+ 7

Please explain!

How the output is 3 ? int arr[]={1,2,3}; int *p=(int *)(&arr + 1); printf("%d",*(p-1)); https://code.sololearn.com/cYANoAqimJYM/?ref=app

29th Jan 2021, 4:25 AM
Hrutik Bhalerao
Hrutik Bhalerao - avatar
3 Answers
+ 9
&arr is a pointer to the array (int(*)[3]). arr decays to a pointer to the first element of the array (int*). Both &arr and arr point to the same address, but their types differ so pointer arithmetic is performed differently. If instead you wrote arr + 1, you would have been correct. When you perform pointer arithmetic p + n, you get a pointer that is moved n times the size of the type pointed to (sizeof(*p)).

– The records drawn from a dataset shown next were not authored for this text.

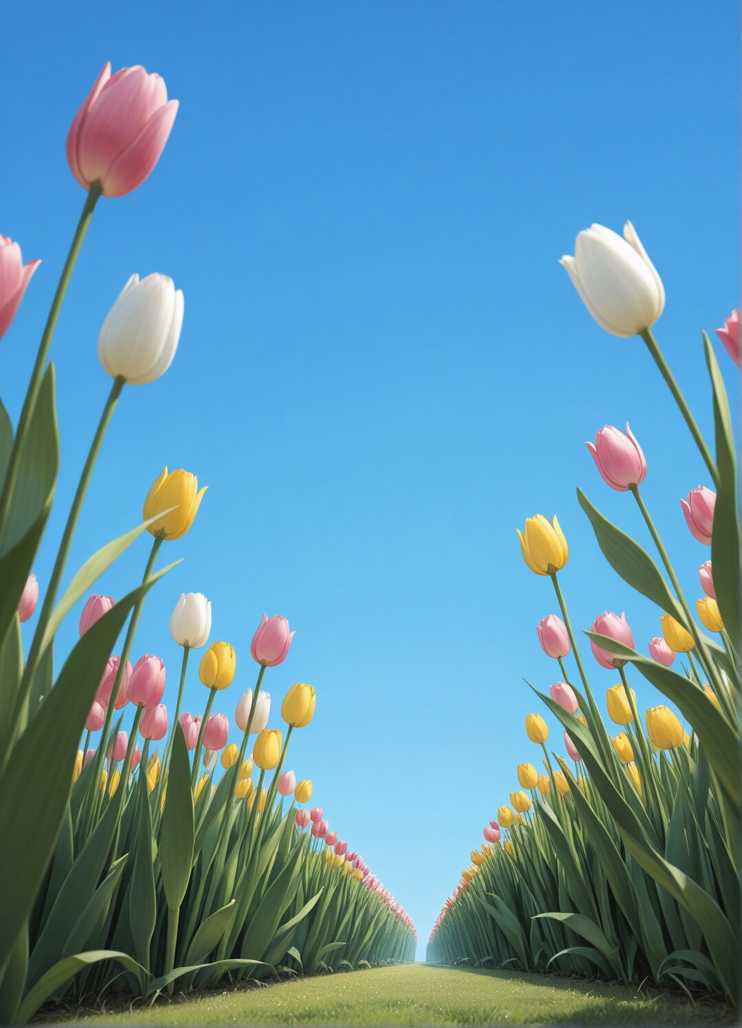 masterpiece,best quality,highres,highly detailed,(realistic,clear weather,blue sky,bright sky,daytime),many tulip,Many kinds of tulip,landscape,wide shot,no humans,from below,
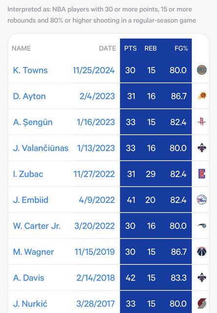 這是2002年的Kurt Thomas之後,第一位達到單場30分-15籃板-8成命中率的尼克球員
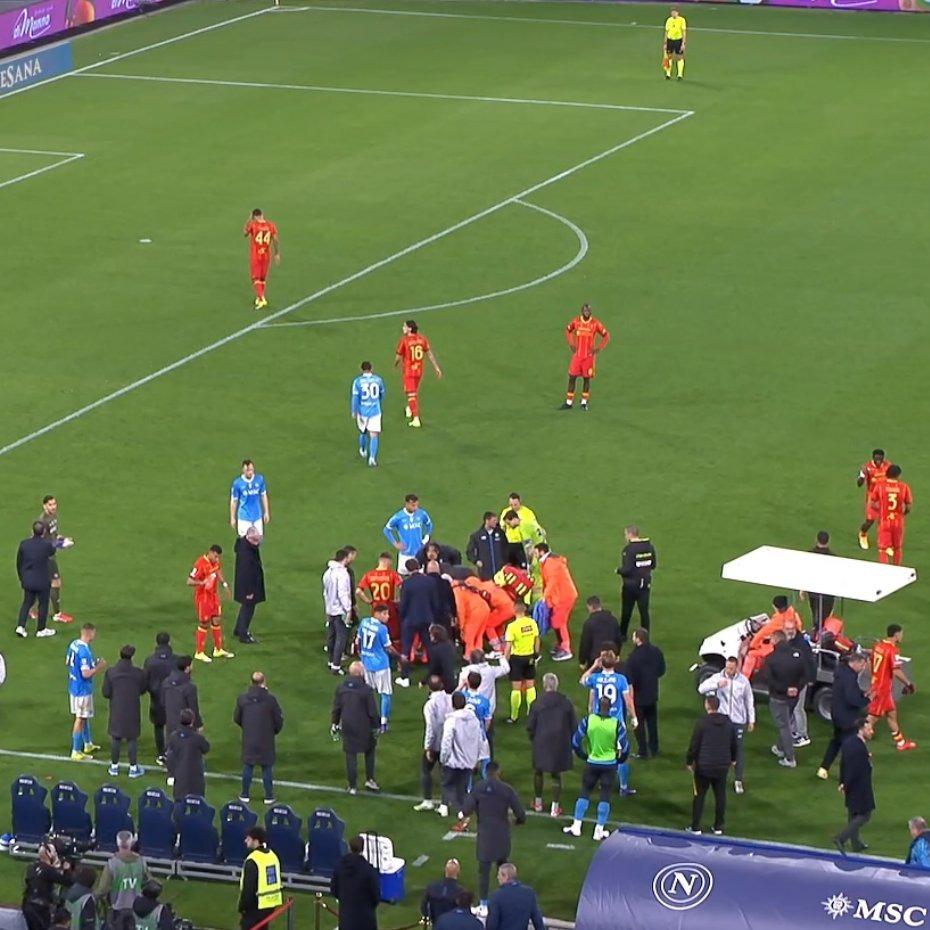 Allo stadio Maradona è subito calato il silenzio, interrotto poi da un applauso incoraggiante nel momento in cui il calciatore è stato portato via in barella e ha lasciato poi lo stadio in ambulanza. L'episodio ha inevitabilmente scosso il finale della partita, con grande apprensione da parte dei compagni, avversari e pubblico presente sugli spalti.
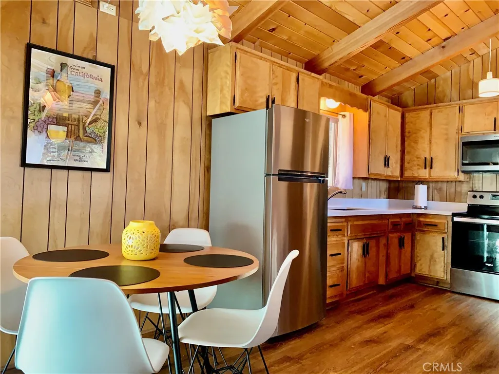 Come and see this Spectacular Mountain home nestled in the trees for that tree house effect, located in the quaint town of Green Valley Lake. This three bedroom and one bathroom cabin is nicely upgraded with new paint and vinyl plank flooring. Nice large den to host family and friends on those special occasions. Bright open great room concept. Kitchen has new quartz countertops and refinished kitchen cabinets. Beautiful wood breakfast bar to enjoy your morning coffee. Nice deck off living room for that indoor/outdoor living to relax and enjoy summer BBQ`s. Cozy brick fire place for those cold winter nights. Nice small deck off dining area for entertaining. This cabin has a new paint job and an asphalt driveway for easy parking and access. Nice storage shed. Large buildup for additional storage or possibly a second bathroom and laundry. Walk to Town, Lake and marina for boating, fishing and swimming Close to hiking trails for those avid hikers or bird watchers. Come and experience what Green Valley Lake has to offer you!
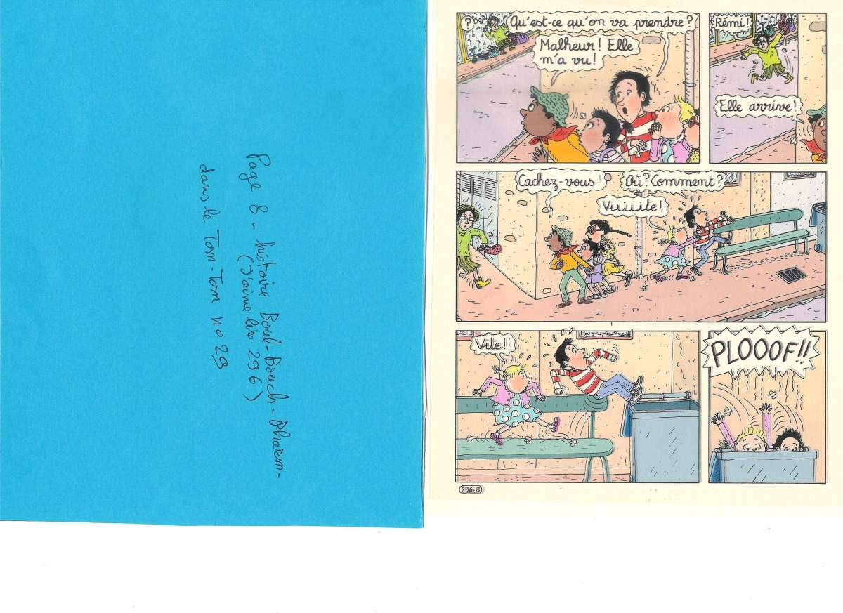 Planche originale dessinée par Bernadette Després, gouachée par Catherine Vianson Ponté et scénarisée par Jacqueline Cohen et Évelyne Reber publiée à la page 8 de l'histoire "Boul Boul Pahraon", dans l'album "Tom Tom n°9" et dans le "J'aime Lire" n°296.
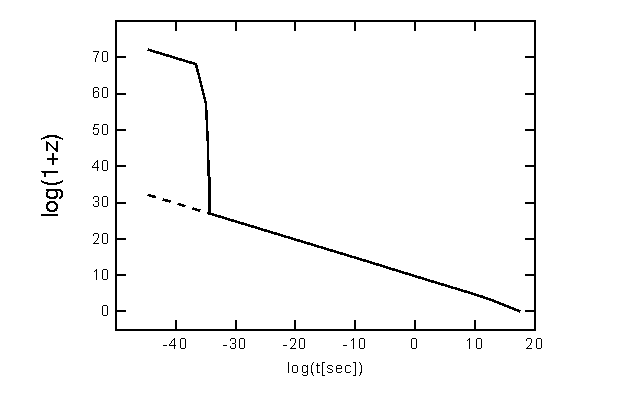 logaritmo de (1+z) frente al tiempo para un universo que pasó
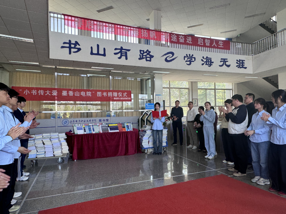2025年 4月 15日,物联网与智能控制学院举办 “小书传大爱,墨香山电院” 图书捐赠仪式,在学校图书馆大厅隆重举行。图书馆馆长李厥富、副馆长张蕾,物联网与智能控制学院党总支副书记王晓天及相关师生代表参加。
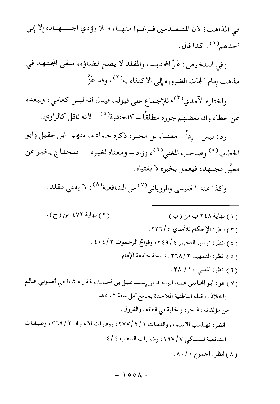 رد: ليس -إِذاً- مفتيا، بل مخبر، ذكره جماعة، منهم: ابن عقيل وأبو الخطاب (٥) وصاحب المغني (٦)، وزاد -ومعناه لغيره-: فيحتاج يخبر عن معيَّن مجتهد، فيعمل بخبره لا بفتياه.
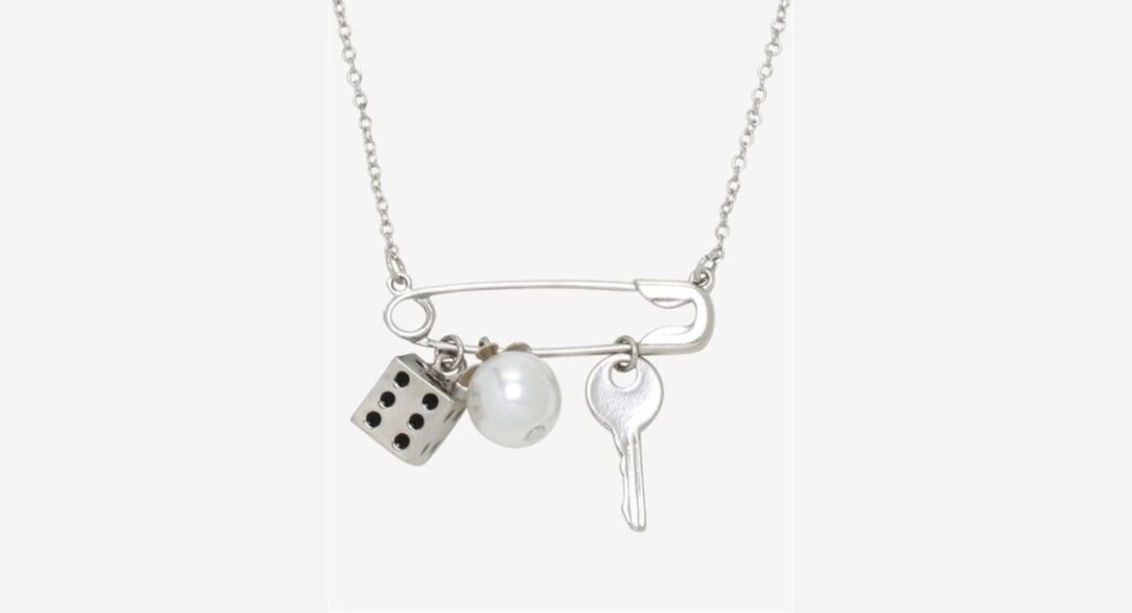 The safety pin necklace functions as a contrast piece. When paired with minimalist clothing, it draws attention through symbolism rather than excess. In layered or alternative styles, it reinforces themes of defiance and authenticity. Its effectiveness lies in restraint rather than exaggeration.
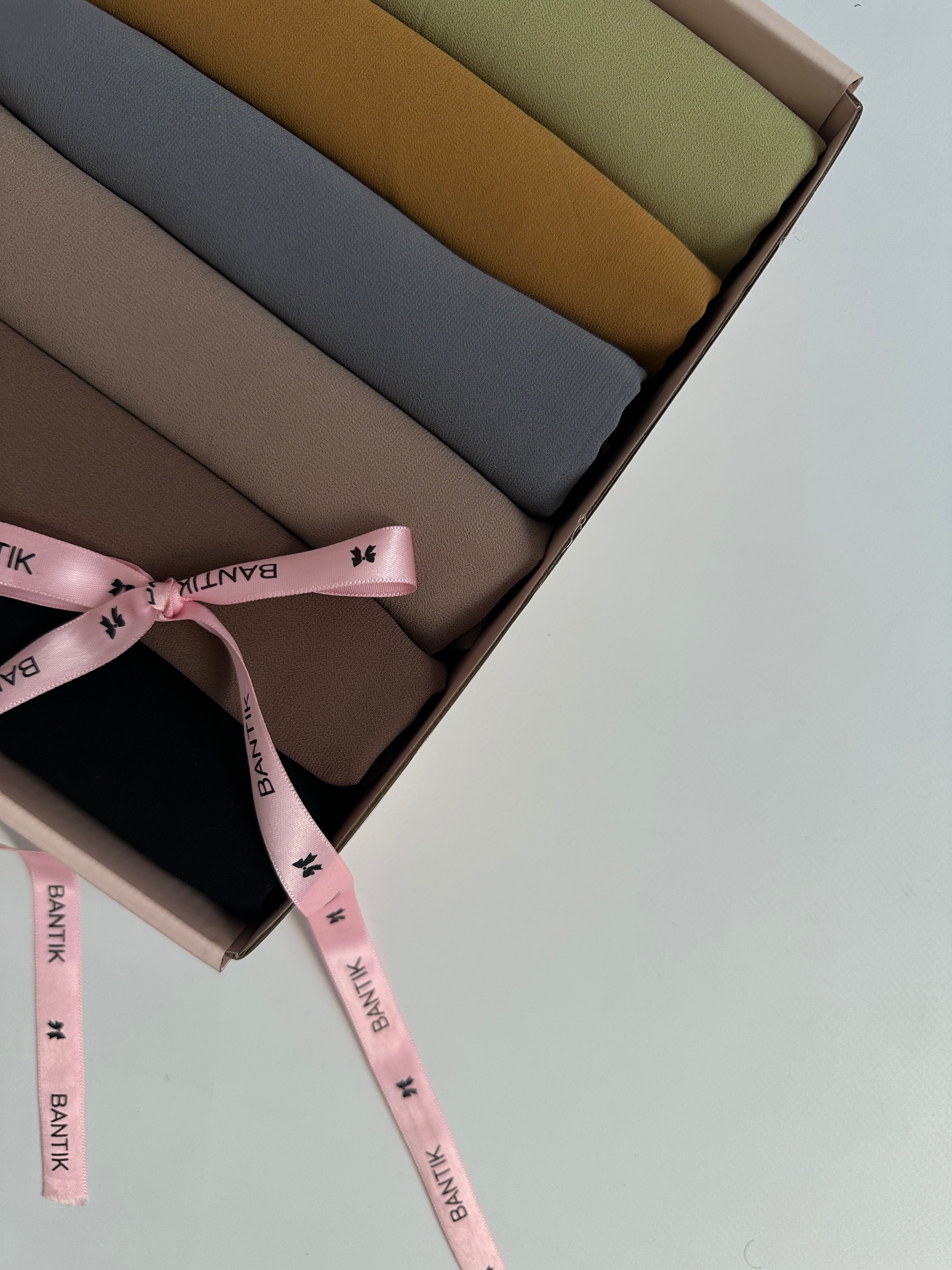 Discover our exclusive box featuring six chiffon hijabs, perfect for any occasion. Lightweight, elegant, and easy to wear, these hijabs will accompany you every day with comfort and style.

The type pointed to by &arr is int[3] which is 12 bytes. &arr + 1 then points to a int[3] after the end of the array. (int*)(&arr + 1) == arr + 3 (int *)(&arr + 1) converts the pointer to array (12 bytes) to pointer to int (4 bytes). p is then pointing to an int after the end of the array. p - 1 gives you a pointer to the last element of the array which is 3. int* p = arr + 3; printf("%d", *(p - 1)); // *(arr + 3 - 1) == *(arr + 2) == arr[2]
29th Jan 2021, 5:13 AM
jtrh
jtrh - avatar
0
int *p=(int *)(arr + 1); I think this will help you to find you answer.
30th Jan 2021, 11:27 PM
❤️😍Prerana😍❤️
❤️😍Prerana😍❤️ - avatar
- 2
Try this and u can answer by yourself. int *p=(int *)(arr + 1);
30th Jan 2021, 6:54 AM
SERG Starkov
SERG Starkov - avatar